Le patron du Hezbollah s’est exprimé lors d’un événement placé sous le symbole du « Rassemblement fatimide » (en référence à Fatima, fille de Mahomet). Il y a donc évoqué pour la première fois ce qu’il considère être l’importance du rôle de la femme au sein de sa formation, non seulement au niveau des familles de ses partisans et de l’éducation des enfants, mais aussi dans les domaines de la santé, du soutien aux blessés, de l’aide psychologique, de l’assistance sociale, de la gestion de la vie au quotidien et surtout sur le plan de « l’enseignement des valeurs partisanes ».

Pourquoi ce soudain souci de la part de la direction du Hezb de mettre en avant le rôle des femmes ? Plusieurs raisons peuvent expliquer ce choix. D’abord, il est sûr que cette initiative intervient à un moment crucial pour le Hezbollah où il se sent attaqué de toutes parts et où il considère qu’on cherche à l’isoler, sous prétexte qu’il appartient à une autre époque, celle où la femme était marginalisée et où la place prépondérante était réservée aux hommes. C’est pourquoi un des objectifs de cette démarche vise à montrer que, contrairement à l’image qu’a de lui le monde extérieur, le Hezbollah se veut conscient de l’importance du rôle de la femme. De plus, le parti semble craindre que ses partisanes, qui ont subi de lourdes pertes, ne s’en détachent. La direction de la formation a donc voulu rendre un hommage aux femmes. Selon les milieux de la formation, il s’agit, en quelque sorte, d’une tentative de « leur rendre justice ». De plus, dans l’exposé des différentes facettes de son rôle, lors du rassemblement de samedi, le Hezbollah a pris soin de parler des arts, de la reconstruction, de la médecine et d’autres domaines qui sont rarement associés aux femmes ou simplement mentionnés dans l’univers du Hezbollah.

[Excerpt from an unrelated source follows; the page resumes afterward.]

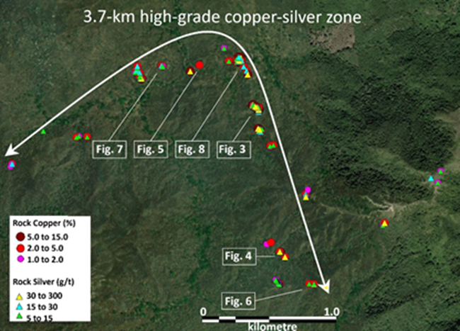 Assays from one of the target zones were also released at the time, with highlight values ranging from 5.9% to 14.8% Cu and 19 g/t to 132 g/t Ag.
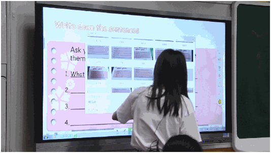 學(xué)生平板拍照分享到大屏,多位同學(xué)展示學(xué)習(xí)成果(支持四分屏)。

Dans les milieux du parti, on avance l’idée que la « résistance » peut revêtir plusieurs autres formes que l’aspect militaire. Elle est ainsi dans la pensée, l’éducation, la politique, l’attachement à la terre. Et ces notions peuvent être mieux véhiculées par les femmes, selon les vues du Hezbollah. D’autant que certains parlent d’un début de mutation de la formation, dans le sens de l’affaiblissement de son rôle militaire (en dépit des déclarations belliqueuses) au profit du rôle social. Par crainte d’être abandonné par les jeunes, le Hezbollah se tourne vers les femmes – et l’influence qu’elles exercent sur les générations à venir – pour se consolider.

En attendant que cette tendance se clarifie, le Hezbollah a probablement voulu aussi montrer qu’il n’est pas seulement une formation militaire. Même si sa branche armée peut actuellement être en suspens, toutes les autres poursuivent leurs activités. Le message qu’il souhaiterait donc envoyer se résume ainsi : il sera très difficile de l’éliminer auprès de sa base populaire, qui constitue son principal atout. On peut donc tuer ses combattants mais on ne tuera pas « l’esprit de combat », selon ses propres termes, tant qu’il y aura des femmes qui l’inculqueront aux jeunes générations.